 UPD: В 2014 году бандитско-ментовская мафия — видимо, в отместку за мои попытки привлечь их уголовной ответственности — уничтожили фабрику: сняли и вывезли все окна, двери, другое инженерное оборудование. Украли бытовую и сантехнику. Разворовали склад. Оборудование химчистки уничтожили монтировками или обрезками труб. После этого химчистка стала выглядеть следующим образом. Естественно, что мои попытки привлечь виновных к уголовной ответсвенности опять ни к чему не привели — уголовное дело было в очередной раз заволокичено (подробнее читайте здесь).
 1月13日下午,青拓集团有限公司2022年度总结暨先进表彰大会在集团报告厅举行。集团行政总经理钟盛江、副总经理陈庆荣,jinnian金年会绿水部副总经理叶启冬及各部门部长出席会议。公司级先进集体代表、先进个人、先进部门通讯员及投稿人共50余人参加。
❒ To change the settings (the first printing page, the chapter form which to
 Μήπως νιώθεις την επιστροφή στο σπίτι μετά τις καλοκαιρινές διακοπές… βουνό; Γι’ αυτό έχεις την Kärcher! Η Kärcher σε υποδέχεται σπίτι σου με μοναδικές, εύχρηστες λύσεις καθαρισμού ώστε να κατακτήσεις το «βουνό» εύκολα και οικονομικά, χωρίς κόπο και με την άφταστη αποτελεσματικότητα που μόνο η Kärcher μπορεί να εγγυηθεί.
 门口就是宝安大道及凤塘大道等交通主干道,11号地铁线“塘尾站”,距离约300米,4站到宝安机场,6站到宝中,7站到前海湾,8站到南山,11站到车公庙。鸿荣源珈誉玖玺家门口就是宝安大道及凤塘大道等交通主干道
---
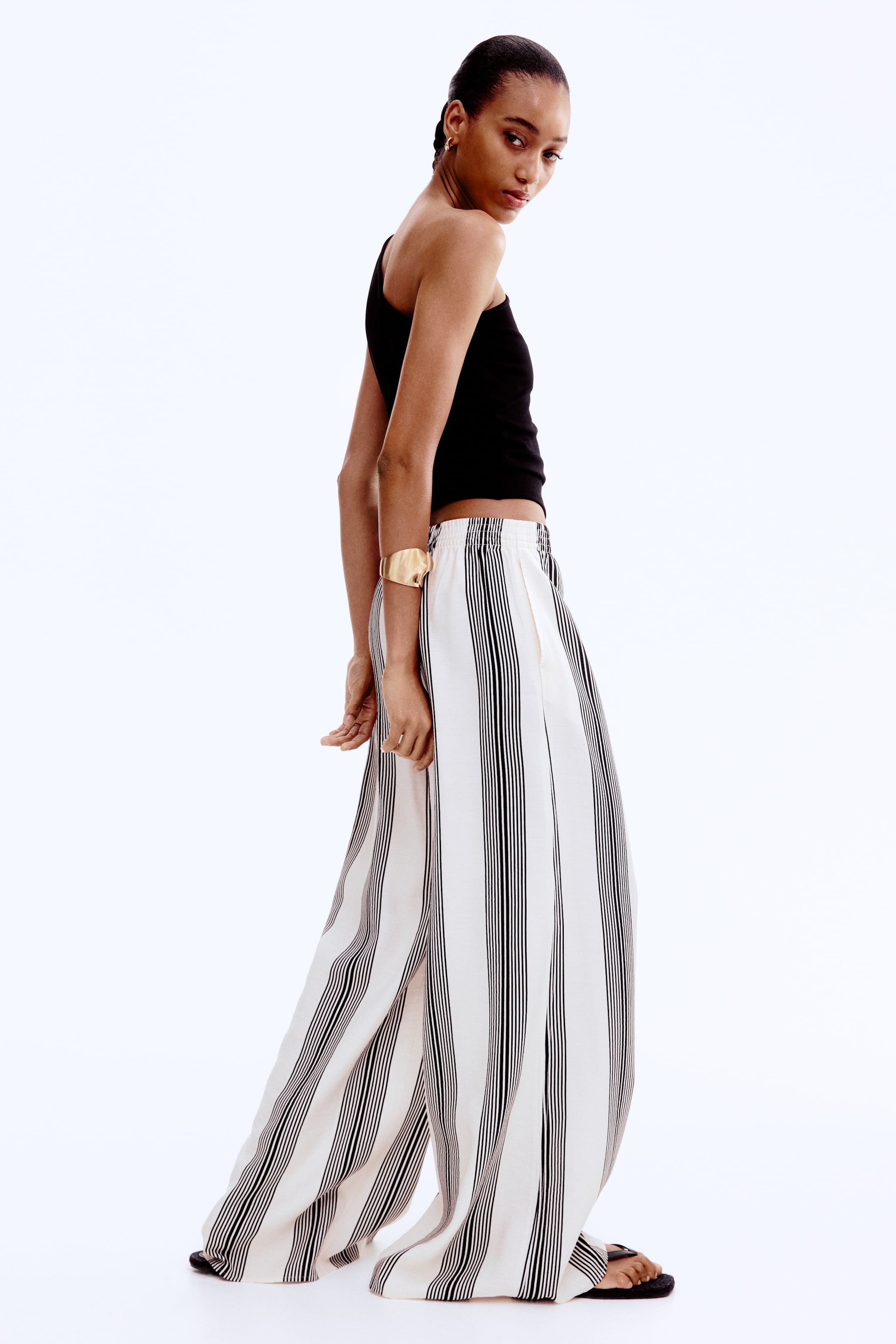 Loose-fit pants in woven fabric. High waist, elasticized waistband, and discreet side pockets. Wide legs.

Task requirements:
Above this instruction are the records; retype exactly the lines from the one containing "UPD: В 2014" up to and including the one containing "form which to".

Reply to the exercise:
 UPD: В 2014 году бандитско-ментовская мафия — видимо, в отместку за мои попытки привлечь их уголовной ответственности — уничтожили фабрику: сняли и вывезли все окна, двери, другое инженерное оборудование. Украли бытовую и сантехнику. Разворовали склад. Оборудование химчистки уничтожили монтировками или обрезками труб. После этого химчистка стала выглядеть следующим образом. Естественно, что мои попытки привлечь виновных к уголовной ответсвенности опять ни к чему не привели — уголовное дело было в очередной раз заволокичено (подробнее читайте здесь).
 1月13日下午,青拓集团有限公司2022年度总结暨先进表彰大会在集团报告厅举行。集团行政总经理钟盛江、副总经理陈庆荣,jinnian金年会绿水部副总经理叶启冬及各部门部长出席会议。公司级先进集体代表、先进个人、先进部门通讯员及投稿人共50余人参加。
❒ To change the settings (the first printing page, the chapter form which to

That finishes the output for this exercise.